Сборник англ.текстов№1

Сборник текстов по английскому языку для дополнительного чтения №1.

Для студентов 2 -4 курса «Л\д»


What is a migraine headache?

Pancreatic cancer.

High Blood Pressure — Effective Treatments.

Asthma Myths.


At the doctor’s.

At the dentist’s.

What the doctor wrote.


Medical Care in Great Britain and the United State.

Техт 1. What is a migraine headache?

A migraine headache is a form of vascular headache. Migraine headache is caused by a combination of vasodilatation (enlargement of blood vessels) and the release of chemicals from nerve fibers that coil around the blood vessels. During a migraine attack, the temporal artery enlarges. (The temporal artery is an artery that lies on the outside of the skull just under the skin of the temple.) Enlargement of the temporal artery stretches the nerves that coil around the artery and cause the nerves to release chemicals. The chemicals cause inflammation, pain, and further enlargement of the artery. The increasing enlargement of the artery magnifies the pain.

Migraine attacks commonly activate the sympathetic nervous system in the body. The sympathetic nervous system is often thought of as the part of the nervous system that controls primitive responses to stress and pain, the so-called «fight or flight» response. The increased sympathetic nervous activity in the intestine causes nausea, vomiting, and diarrhea. Sympathetic activity also delays emptying of the stomach into the small intestine and thereby prevents oral medications from entering the intestine and being absorbed. The impaired absorption of oral medications is a common reason for the ineffectiveness of medications taken to treat migraine headaches. The increased sympathetic activity also decreases the circulation of blood, and this leads to pallor of the skin as well as cold hands and feet. The increased sympathetic activity also contributes to the sensitivity to light and sound sensitivity as well as blurred vision.

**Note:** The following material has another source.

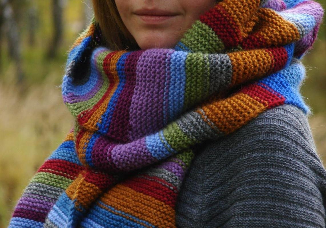 Цветной шарф спицами
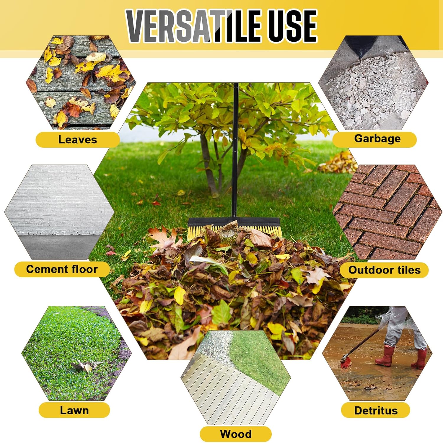 - Effortlessly Sweep Away Dirt and Debris: with 6 layers of stiff bristles, this driveway push broom is appropriate for sweeping heavy things like soil, sand, snow and leaves

Migraine afflicts 28 million Americans, with females suffering more frequently (17%) than males (6%). Missed work and lost productivity from migraine create a significant public burden. Nevertheless, migraine still remains largely undertreated and underdiagnosed. Less than half the sufferers are diagnosed by their doctors.

Техт 2. Pancreatic cancer

What are the symptoms of pancreatic cancer?

Pancreatic cancer has been called a «silent» disease because early pancreatic cancer usually does not cause symptoms. If the tumor blocks the common bile duct and bile cannot pass into the digestive system, the skin and whites of the eyes may become yellow, and the urine may become darker. This condition is called jaundice. As the cancer grows and spreads, pain often develops in the upper abdomen and sometimes spreads to the back. The pain may become worse after the person eats or lies down. Cancer of the pancreas can also cause nausea, loss of appetite, weight loss, and weakness.

How is cancer of the pancreas diagnosed?

The doctor performs a complete physical exam and asks about the patient’s personal and family medical history. In addition to checking general signs of health (temperature, pulse, blood pressure, and so on), the doctor usually orders blood, urine, and stool tests. The doctor may also ask for a «barium swallow,» or «upper GI series.» For this test, the patient drinks a barium solution before X-rays of the upper digestive system are taken. The barium helps visualize the pancreas on the X-rays.

Are there additional tests that may be used to diagnose pancreatic cancer?

Here are other tests that may be performed:

Angiogram: special X-ray of blood vessels.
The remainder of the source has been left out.